Some gruesome application of these last words to her own case took place in Kate's mind against her will. Stifling a sigh, she said buoyantly:

“Well, let him! Compared with other things, it doesn't matter much!”

Colin, unaware of the shiver Kate was stifling with these unusually philistine sentiments, remonstrated:

“It does matter, Kate, a good deal, if valuable antiquities are allowed to be destroyed by avaricious ignoramuses!”

“Compared with life and death, it doesn't matter!”

“Perhaps not. But nobody's life's in danger, is it?”

“Yes! Sidney Brentwood's is! And here we stand talking about bones that have been buried about three thousand years as if they mattered!

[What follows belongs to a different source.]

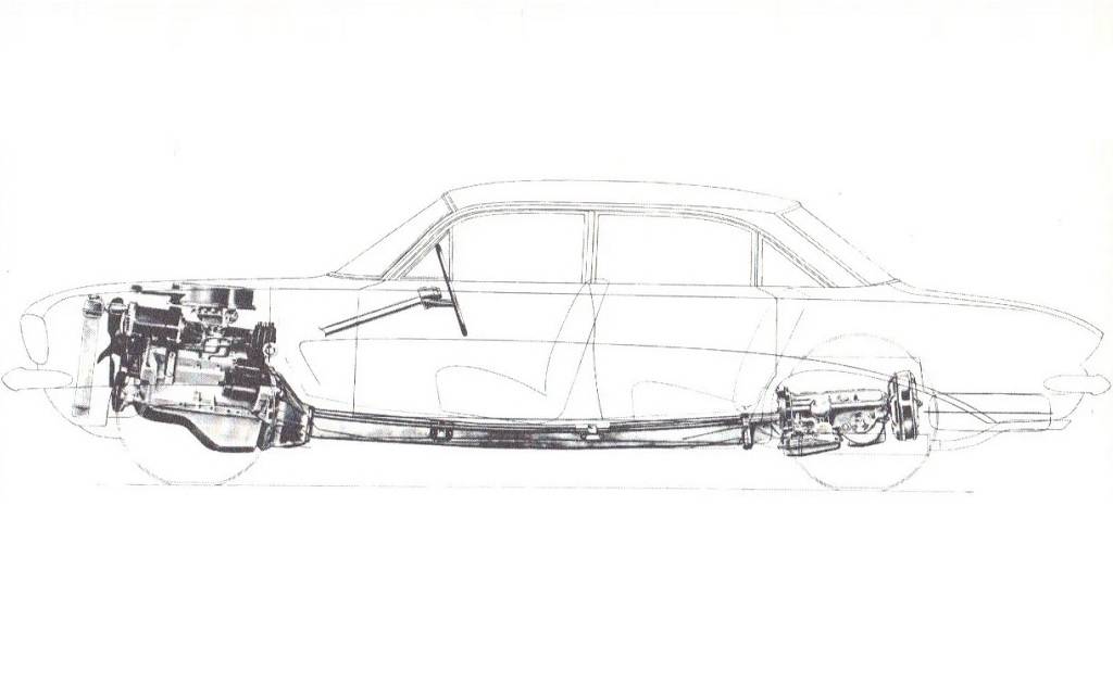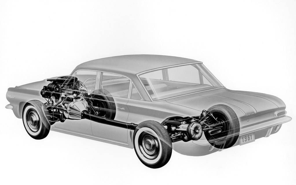Si l’on voulait résumer la Corvair, on pourrait dire qu’elle a pris l’essentiel des solutions techniques de la Beetle et les a mises à la taille américaine. Elle embarque un 6 cylindres à plat refroidi par air installé en porte-à-faux arrière avec un essieu arrière oscillant (swing axle). Si pour Volkswagen, tout cela est connu depuis un bon moment, pour Chevrolet, tout est nouveau. Et General Motors aimerait bien amortir les coûts de développement sur d’autres modèles.

Colin, that man I saw at Hymns Bank
wasn't
Dai Lewis!”

“So I gather.”

“Why did he pretend he was?”

“He didn't want you to know who he really was, I suppose. And he wanted you to go away without suspecting anything seriously wrong.”

“He didn't want me to see him. Was that because I should have recognised him if I had?”

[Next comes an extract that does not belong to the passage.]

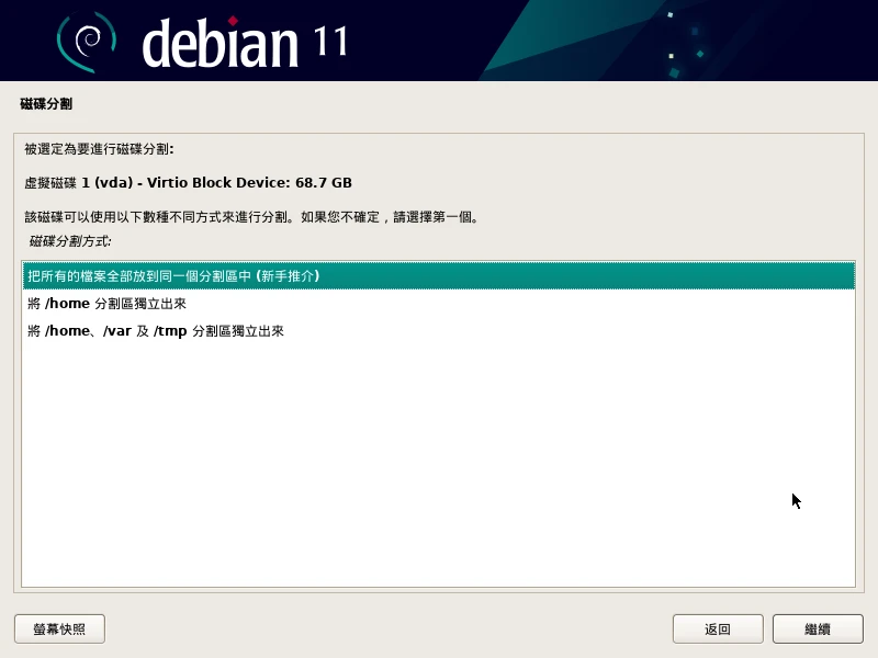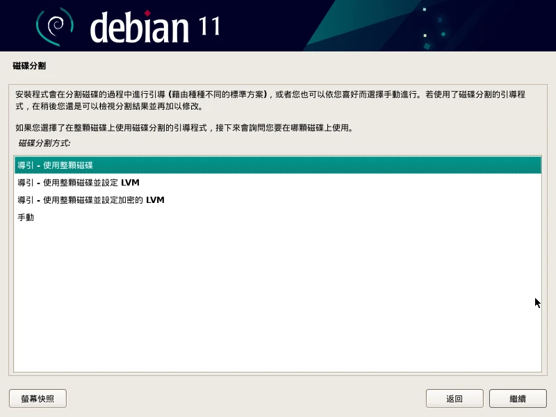 分割硬碟的階段,選取使用整個磁碟,刪除所有硬碟上的資料並安裝Debian,之後一直下一步。

“Either that, or he was afraid you might see him later and recognise him.”

“And he didn't want me to see into that upstairs room. What had he got there? Not ferrets!”

“Probably something more incriminating than ferrets.”

“Such as?”

“Well, say, an apparatus for signalling to the enemy. You saw a light flickering from the house, didn't you? Perhaps a secret radio transmitter too.”

“Ronnie said he heard a clicking noise coming from the house,” said Kate thoughtfully.

“Well, there you are. I doubt if whatever's going on there has anything to do with your Sidney, Kate.”

“But the green tinfoil! He had been there!”

“Perhaps. But keeping a small boy prisoner—if Sidney is being kept a prisoner—certainly isn't the
raison d'être
of what's going on at Hymns Bank.”

“Well, I'm here to look for Sidney, and I must follow up every possibility.”

“Kate,” said Colin earnestly, “if you want to find Sidney, the first essential is, not to lose yourself. Don't take absurd risks. Every soldier, everybody's who's got a serious job on hand, knows better than that. Don't go to Hymns Bank again alone. Let me go with you. Or let me go instead of you. But don't go alone. Promise.”